Recovery continually requests new WAL files

From
Alex Good
Date:
Hey!

I have a simple setup with one master and one backup server. I have an
issue where I have performed a backup and copied it to the data
directory for the slave, written a recovery.conf and copied in the
backup_label file and then started the server, it happily restores
everything up until and including the WAL file mentioned in the
backup_label and then attempts to obtain the next archive file which has
not yet been archived.
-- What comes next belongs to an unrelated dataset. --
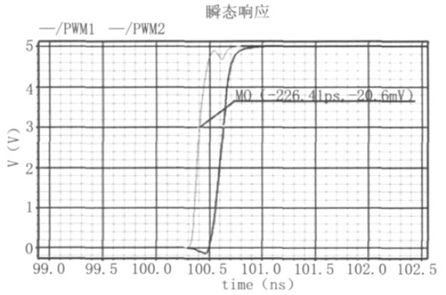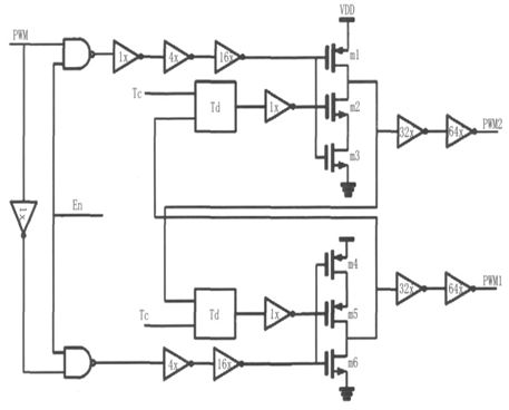 驅(qū)動(dòng)電路結(jié)構(gòu)如圖8 所示,該電路能有效調(diào)節(jié)死區(qū)時(shí)間(N 型、P 型功率開(kāi)關(guān)管同時(shí)關(guān)斷),防止單臂"shoot- through"現(xiàn)象,并有保護(hù)關(guān)斷功能。輸入信號(hào)為比較器輸出的PWM 脈沖信號(hào),PWM1用來(lái)驅(qū)動(dòng)N 型功率開(kāi)關(guān)管,PWM2 用來(lái)驅(qū)動(dòng)P 型功率開(kāi)關(guān)管。為了避免全橋開(kāi)關(guān)電路中的單臂"shoot- through"現(xiàn)象,當(dāng)PWM 信號(hào)從低電平變?yōu)楦唠娖綍r(shí),PWM2 應(yīng)首先變?yōu)楦唠娖剑?關(guān)斷PMOS 功率開(kāi)關(guān)管,隨后PWM1 再變?yōu)楦唠娖剑_(kāi)啟NMOS 功率開(kāi)關(guān)管,如圖9 所示;反之,當(dāng)PWM 信號(hào)從高變?yōu)榈蜁r(shí),PWM1 先變?yōu)榈碗娖?,關(guān)斷NMOS 開(kāi)關(guān)功率管,隨后PWM2 再變?yōu)榈碗娖?,開(kāi)啟PMOS 開(kāi)關(guān)功率管。實(shí)際電路中,可以根據(jù)需要通過(guò)控制延遲單元的控制位Tc 來(lái)調(diào)整死區(qū)時(shí)間的長(zhǎng)短。為減小失真,必須減小死區(qū)時(shí)間,該驅(qū)動(dòng)電路采用了逐級(jí)增加驅(qū)動(dòng)能力的方式來(lái)驅(qū)動(dòng)功率管,從而減小了必要的死區(qū)時(shí)間,保證了低失真度。

I can't for the life of me figure out what is
going on.

Here's a break down of what I do

call pg_start_backup('label')

tar -zcf backup.tar.gz base global pg_clog pg_multixact pg_notify
pg_serial pg_subtrans pg_tblspc pg_twophase backup_label

call pg_stop_backup()

scp pgsql.tar.gz slave_hostname:/var/lib/postgresql/9.1/main

move to slave server

rm -rf global base pg_clog pg_multixact pg_notify pg_serial pg_subtrans
pg_tblspc pg_twophase pg_xlog/*
mkdir pg_xlog/archive_status
tar -xvf backup.tar.gz

restart postgresql

----------------
recovery.conf
-----------------
restore_command = 'scp
master-hostname:/var/lib/postgresql/9.1/main/wal_archives/%f %p'
standby_mode=on




And here's what I'm seeing in the logs on the recovering server

2012-06-12 16:31:26 UTC FATAL:  the database system is starting up
2012-06-12 16:31:27 UTC FATAL:  the database system is starting up
2012-06-12 16:31:27 UTC FATAL:  the database system is starting up
2012-06-12 16:31:27 UTC LOG:  incomplete startup packet
2012-06-12 16:31:30 UTC LOG:  restored log file
"00000001000000000000000A" from archive
2012-06-12 16:31:30 UTC LOG:  redo starts at 0/A000078
2012-06-12 16:31:30 UTC LOG:  consistent recovery state reached at 0/B000000
scp: /var/lib/postgresql/9.1/main/wal_archives/00000001000000000000000B:
No such file or directory
scp: /var/lib/postgresql/9.1/main/wal_archives/00000001000000000000000B:
No such file or directory
scp: /var/lib/postgresql/9.1/main/wal_archives/00000001000000000000000B:
No such file or directory


I'm confused by this because the 00000001000000000000000B archive wasn't
created until after the pg_stop_backup call so why is it needed?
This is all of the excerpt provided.